===== The data =====

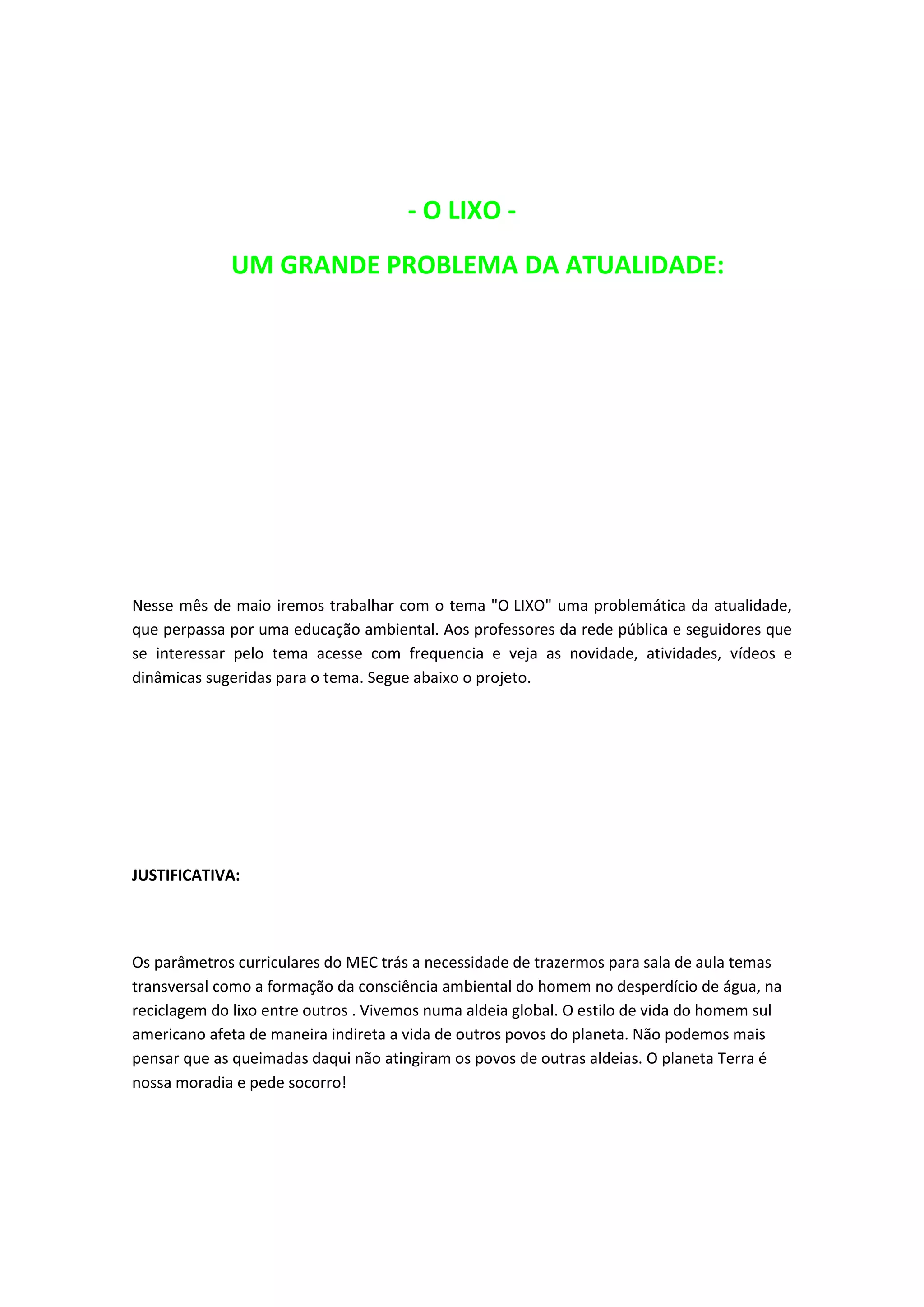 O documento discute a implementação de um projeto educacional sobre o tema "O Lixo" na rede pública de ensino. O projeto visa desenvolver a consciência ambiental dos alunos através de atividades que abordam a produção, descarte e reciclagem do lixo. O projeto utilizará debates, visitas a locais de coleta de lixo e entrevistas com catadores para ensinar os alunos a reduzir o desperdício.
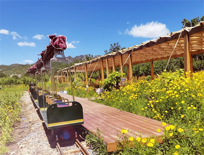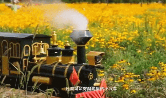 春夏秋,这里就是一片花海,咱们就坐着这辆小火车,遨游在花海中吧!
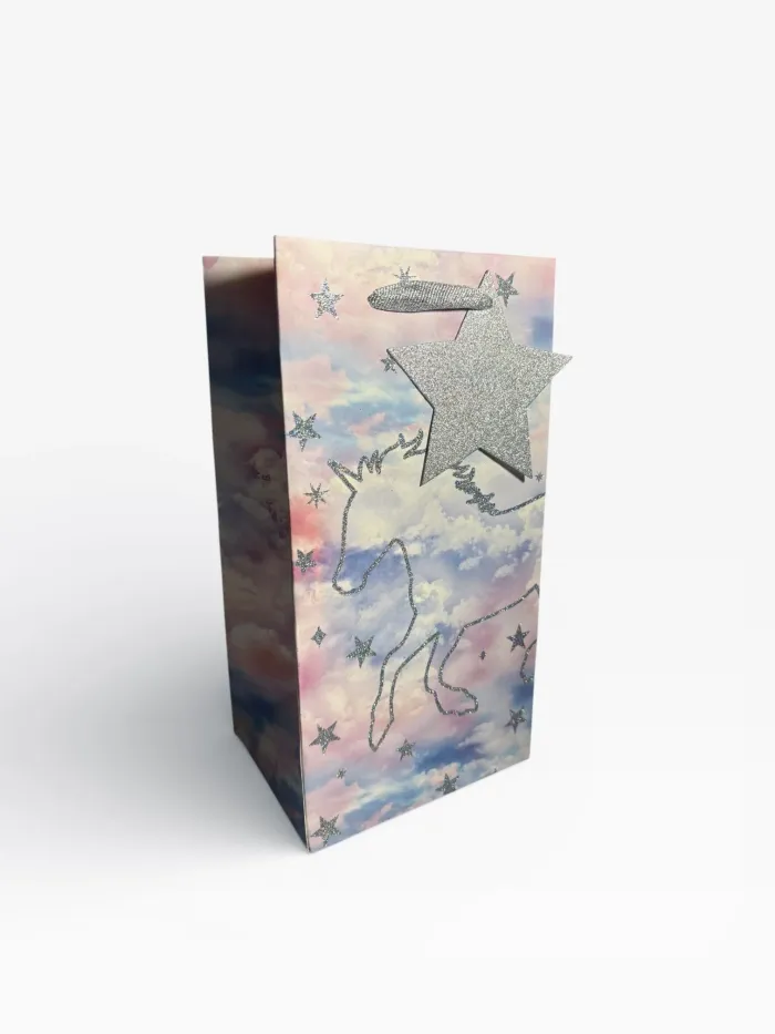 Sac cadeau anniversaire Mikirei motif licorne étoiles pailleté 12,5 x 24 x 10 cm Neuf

=====

**Aim of the task:** Above is a listing with pictures. Write it out exactly without them.

**Written response:**
 O documento discute a implementação de um projeto educacional sobre o tema "O Lixo" na rede pública de ensino. O projeto visa desenvolver a consciência ambiental dos alunos através de atividades que abordam a produção, descarte e reciclagem do lixo. O projeto utilizará debates, visitas a locais de coleta de lixo e entrevistas com catadores para ensinar os alunos a reduzir o desperdício.
 春夏秋,这里就是一片花海,咱们就坐着这辆小火车,遨游在花海中吧!
 Sac cadeau anniversaire Mikirei motif licorne étoiles pailleté 12,5 x 24 x 10 cm Neuf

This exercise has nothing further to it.